# Eclipse und Lesezeichen setzen ?



## Der-Gast (6. Sep 2007)

moin moin

meine frage ist folgende

also es gibt so Srpungmarken oder Lesezeichen in den meisten IDE's

bei Delphi z.b. kann man 10 Stücksetzen

das mache ich mit Umschalt+Strg und dann 0-9 halt

und nach bedarf kann ich per tastatzr wieder an der stelle zurück springen

also str + zahl

wie geht das nun in Eclipse ?

lg,


----------



## P3AC3MAK3R (6. Sep 2007)

"Bookmark" ist bei Eclipse das Stichwort. 

http://www.luisdelarosa.com/2005/02...marks-to-track-important-places-in-your-code/


----------



## Gast (6. Sep 2007)

toll nur das es wirder maus geklicke ist

geht das auch per tastatur ???


----------



## Wildcard (6. Sep 2007)

PlugIn schreiben. Vielleicht gibt's aber auch schon eins...


----------



## Gast (6. Sep 2007)

sowas sollte eigentlich von haus aus drin sein
hat jeder gute editor oder ide drin


----------



## Wildcard (6. Sep 2007)

1. was ist den jeder?
2. Ist Eclipse weder ein Editor, noch eine IDE  :wink:


----------



## Guest (6. Sep 2007)

sondern ?

spielzeug ?


----------



## Wildcard (6. Sep 2007)

Framework


----------



## Guest (7. Sep 2007)

naja gut

in meinen augen ist es eine ide weil ich die funktionen einer ide hat

aber ein Framework sollte dieses auch haben


wo gibt es denn eine liste der plugins damit ich sowas mal nachinstallieren kann ?
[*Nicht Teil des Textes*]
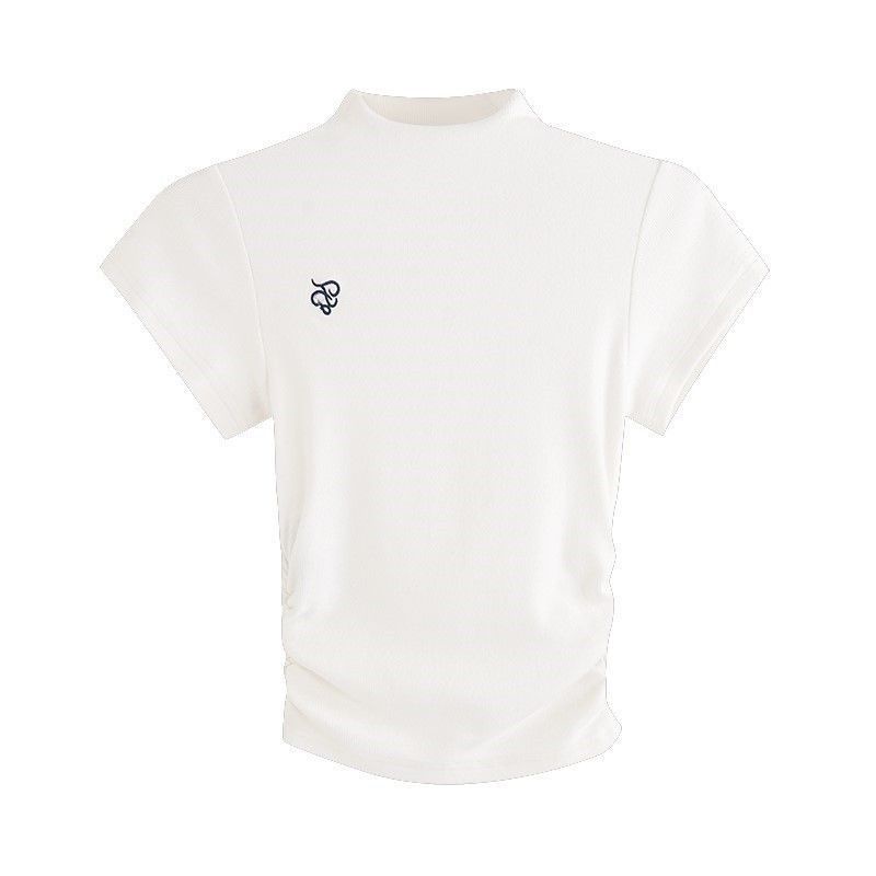 Detail Red BOTIANGE all-match buku teks warna solid kerah setengah tinggi bordir T-shirt wanita slim slim top hot girl
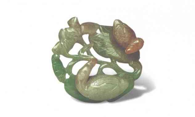 而翡大多生长在玉材的外表皮处,翠在玉材的里面,所以常被工匠们做成了巧雕。如图中清代翡翠雕荷塘鸳鸯佩就是利用了颜色的不同进行了巧雕。红翡雕刻成鸳鸯,绿翠刻雕成荷叶,形象而又逼真,给人以活灵活现的感觉。
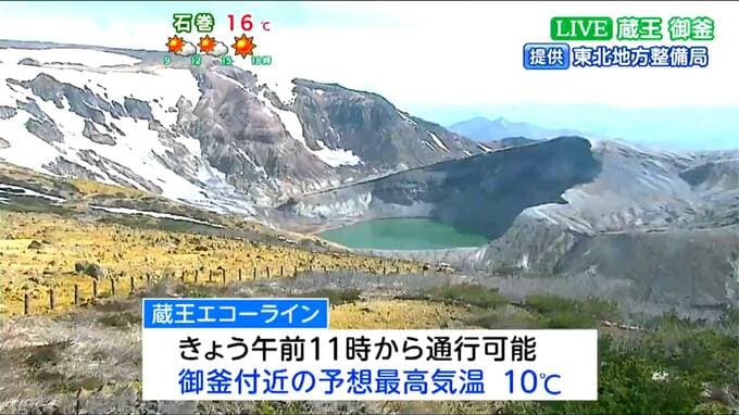 蔵王エコーラインは冬季閉鎖を終え、24日午前11時から一般車両の通行が可能となりました。御釜付近のライブカメラには晴れた様子が映っています。ただし、御釜付近の予想最高気温は10℃程度にとどまります。山の上に出かける方は、冬物の上着を必ずお持ちください。
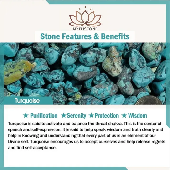 Turquoise is said to activate and balance the throat chakra. This is the center of speech and self-expression. It is said to help speak wisdom and truth clearly and help in knowing and understanding that every part of us is an element of our Divine self. Turquoise encourages us to accept ourselves and help release regrets and find self-acceptance.
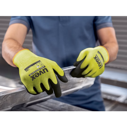 Enhance safety with Uvex unidur 6679 foam HV gloves. High-visibility yellow with NBR foam grip and Level 3/B cut protection. Shop uvex PPE today!
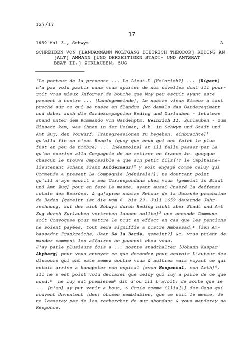 Schreiben von Wolfgang Dietrich Theodor Reding, Landammann, an Beat II. Zurlauben,...
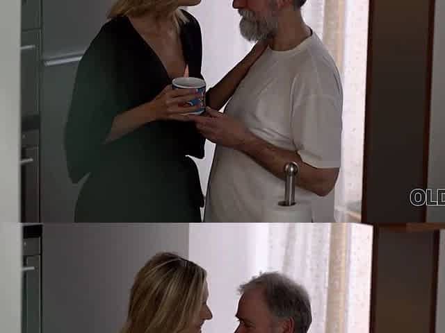 Tender sex is the way blonde and old husband begin their day
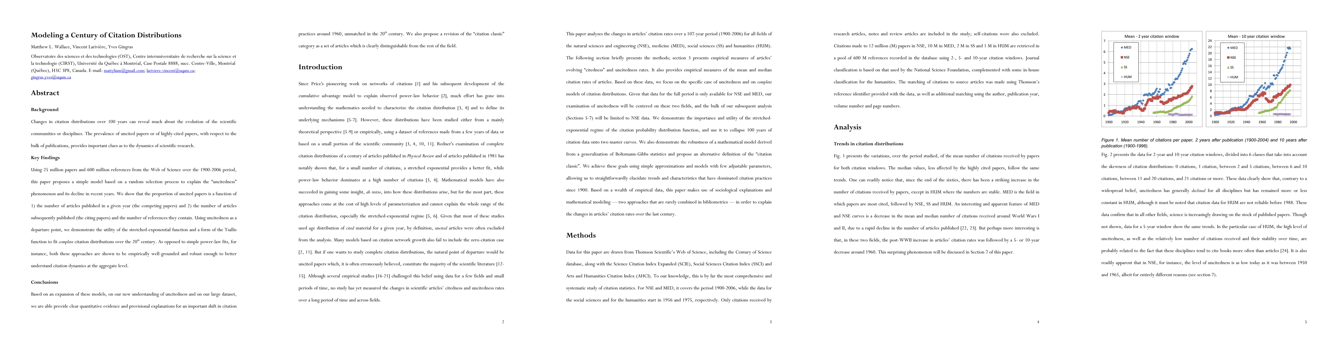 This research models citation patterns over 100 years, finding uncited papers' decline tied to publication volume and references in citing papers. It introduces stretched-exponential and Tsallis functions for fitting citation distributions, offering insights into shifts in citation practices around 1960 and suggesting a redefined 'citation classic' category.
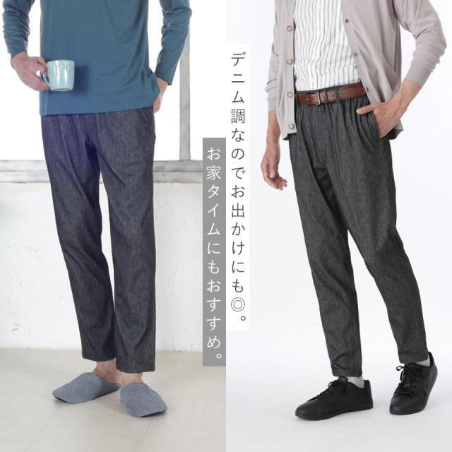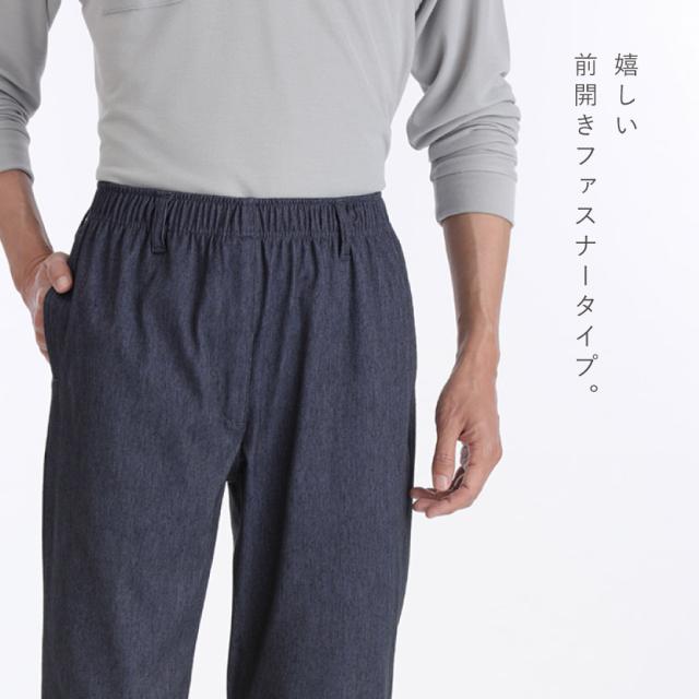 ズボン メンズ 冷感,ズボン メンズ 夏,ウエストゴム パンツ メンズ,ズボン,パンツ,デニム調,ニット,ルームウェア,ルームパンツ,部屋着,前開き,ポケット,ポケット付き,ウエストゴム,総ゴム,ウエスト,ゴム,ウエスト,ゆるい,締め付けない,しめつけない,苦しくない,ストレッチ,伸縮,伸びる,フィット,動きやすい,ストレスフリー,楽ちん,楽,ラク,ブラック,黒,ネイビー,紺,M,L,LL,3L,大きいサイズ,ゆったり,メンズ,男性,春夏,春,夏,秋,冬,オールシーズン,
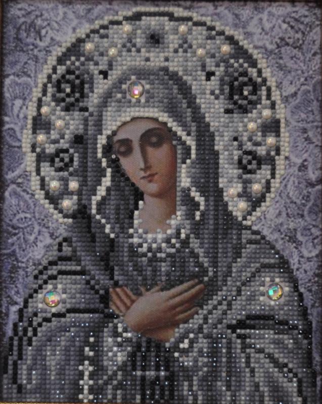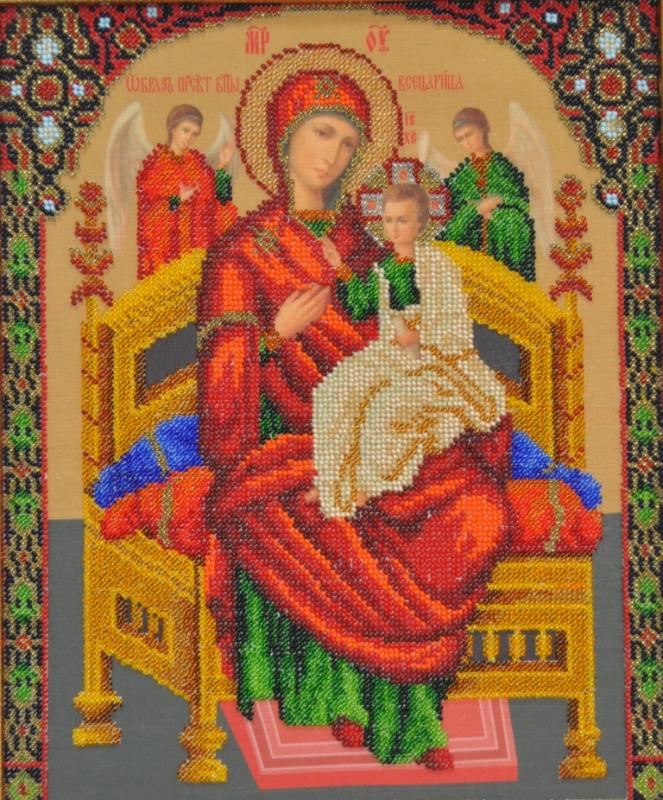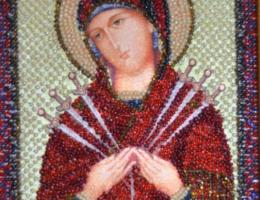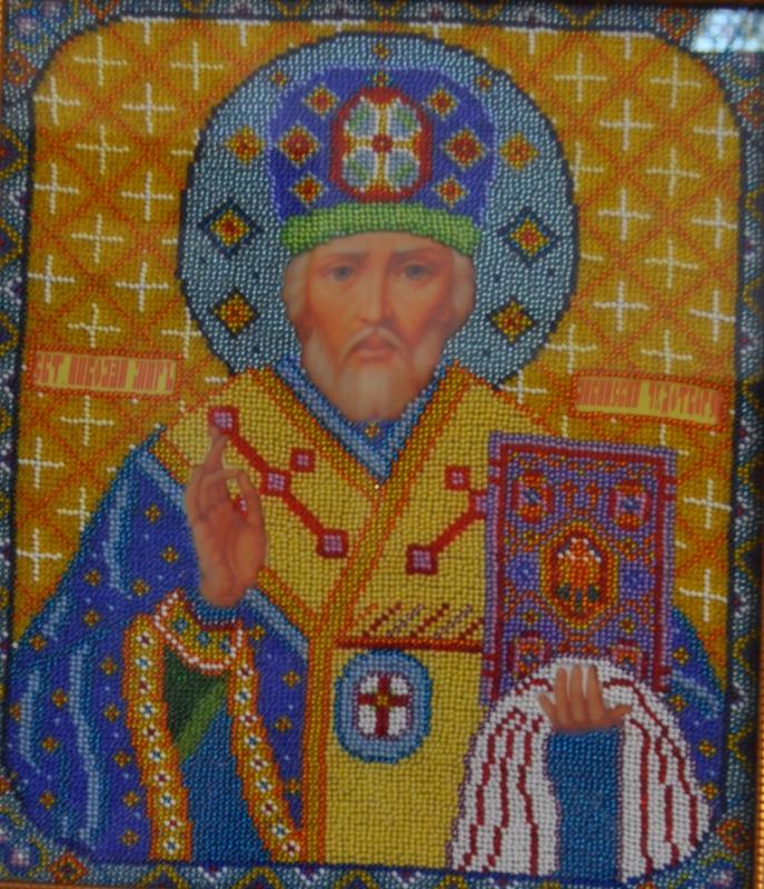 На выставке «Вышитое чудо» в первую очередь привлекают внимание иконы Елены, вышитые бисером. Их много и они вышиты аккуратно, в красивом колорите, грамотно оформленные в багет. По словам Елены, для душевного спокойствия после смерти матери она увлеклась вышивкой бисером икон.
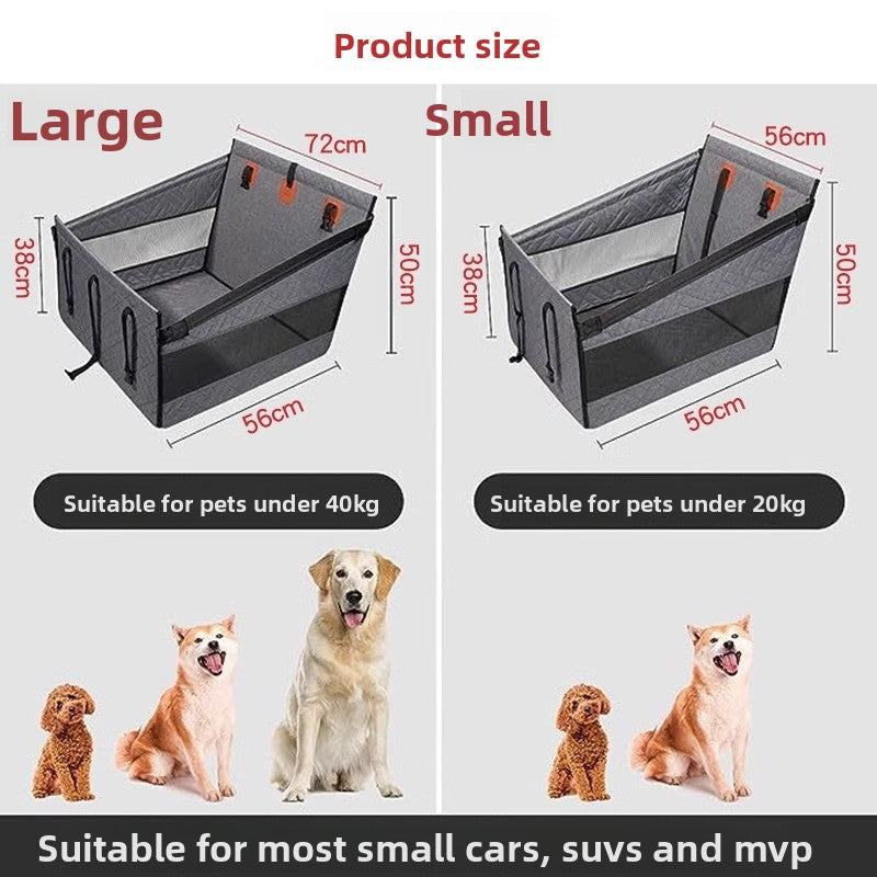 Answer 2: The car mat comes in two sizes: Large (72cm x 56cm) suitable for pets under 40kg, and Small (56cm x 56cm) suitable for pets under 20kg.
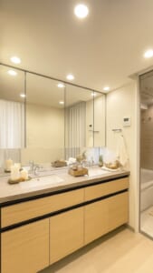 広々としたダブルボウルの洗面台に、大型の三面鏡を組み合わせた開放感のある洗面室。明るく均一なダウンライトの照明が、空間全体を柔らかく照らし、清潔感と高級感を演出します。

nervt mich voll das ich keine bookmarks per tastatur habe


----------



## Faruun (7. Sep 2007)

bei google unter "eclipse plugins"


----------



## Wildcard (7. Sep 2007)

Anonymous hat gesagt.:
			
		

> naja gut
> 
> in meinen augen ist es eine ide weil ich die funktionen einer ide hat


Das JDT PlugIn ist eine Java IDE wenn du das meinst.
Eine 'Liste aller PlugIns' wirst du übrigens nicht finden, da es wohl mittlerweile wohl schon mehr PlugIns für Eclipse als für Emacs gibt, sprich, die Anzahl tendiert gegen unendlich.


----------